▸ WHAT YOU ARE ASKED TO DO:
Print, word for word, only the lines from the one with "been dreaming of" down to the last line of the listing below; no pictures.

########################################

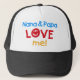 Nana och pappan älskar mig T-tröja, muggar, klistermärkear, kort och mer med textdesign av blått, rött och gult.
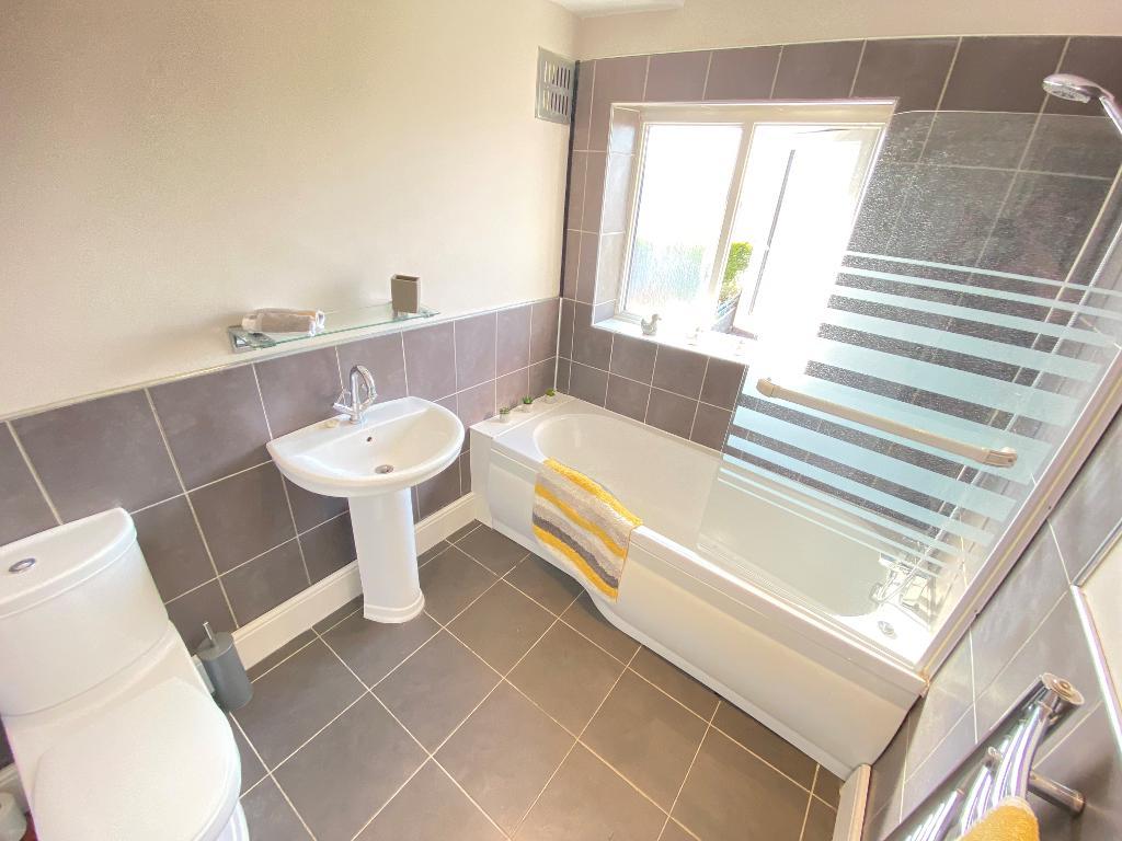 5' 10'' x 8' 2'' (1.8m x 2.5m) Double glazed window to rear elevation. Suite comprising panelled bathtub with overhead shower and shower screen. Pedestal wash hand and low level W/C. Heated towel rail along with vinyl flooring.
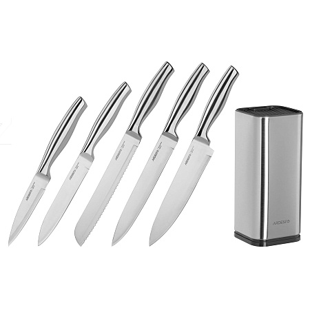 Набор состоит из пяти ножей серии Gemini, в который входят два поварских ножа, нож универсальный, нож для хлеба и нож для овощей. Лезвия и ручки изготовлены из нержавеющей стали.
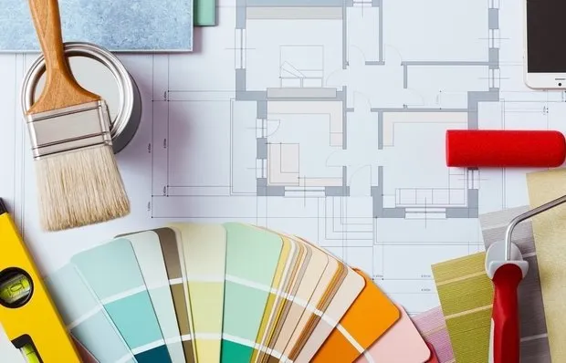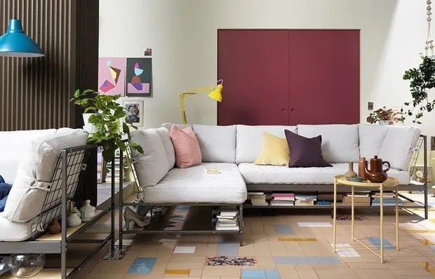 另一种让室内看起来更为宽敞的视觉技巧是抬高的天花板。墙面只涂成灰色到一定高度:用天花板颜色涂宽条带,使墙面看起来更高,房间本身也显得略微更大。
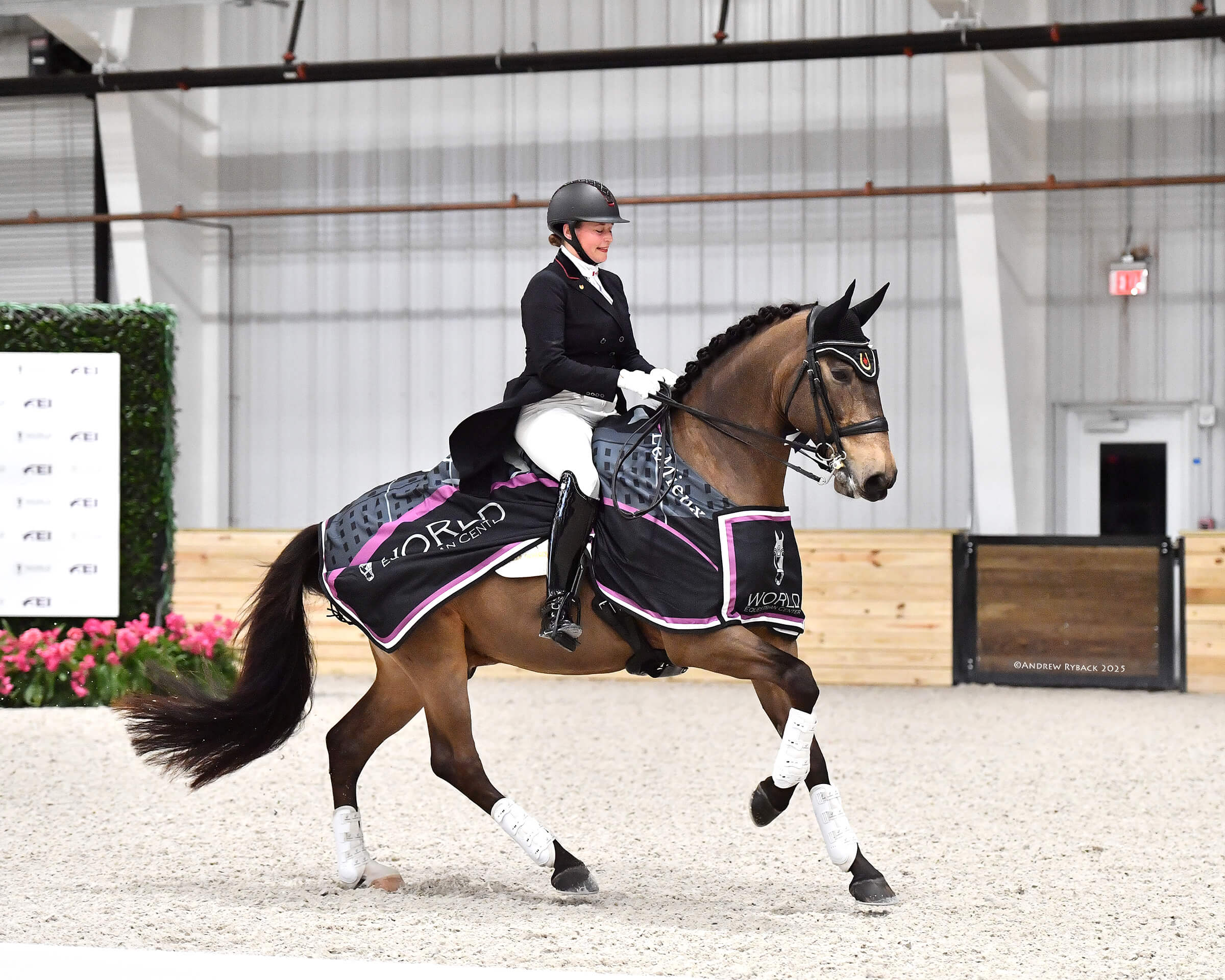 “I’ve been dreaming of trying to get up and over that 70% hump, and I felt that today I got there,” said Gallagher, who co-owns the horse with Ellen Lazarus. “I was trying to really be on my music, not chase it and take my time. He was listening to the music, and my piaffe and canter pirouettes felt great. My technical difficulty in the test is quite hard — everything is back-to-back combos, so I can’t miss them.”
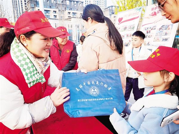 本报讯 3月2日下午,由周口报业小记者中心、周口市大铁牛巾帼志愿者联合会共同举办的“大手拉小手,守护母亲河,共创文明城”活动在中心城区沙颍河南岸举行,100名周口报业小记者参加了活动。
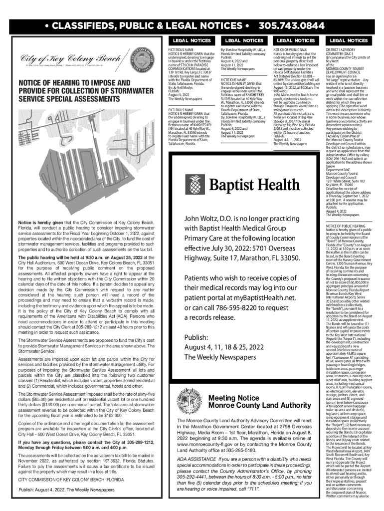SERVICE SPECIAL ASSESSMENTSLEGAL NOTICESLEGAL NOTICESLEGAL NOTICESLEGAL NOTICESFICTITIOUS NAME

########################################

▸ YOUR SOLUTION:
 “I’ve been dreaming of trying to get up and over that 70% hump, and I felt that today I got there,” said Gallagher, who co-owns the horse with Ellen Lazarus. “I was trying to really be on my music, not chase it and take my time. He was listening to the music, and my piaffe and canter pirouettes felt great. My technical difficulty in the test is quite hard — everything is back-to-back combos, so I can’t miss them.”
 本报讯 3月2日下午,由周口报业小记者中心、周口市大铁牛巾帼志愿者联合会共同举办的“大手拉小手,守护母亲河,共创文明城”活动在中心城区沙颍河南岸举行,100名周口报业小记者参加了活动。
SERVICE SPECIAL ASSESSMENTSLEGAL NOTICESLEGAL NOTICESLEGAL NOTICESLEGAL NOTICESFICTITIOUS NAME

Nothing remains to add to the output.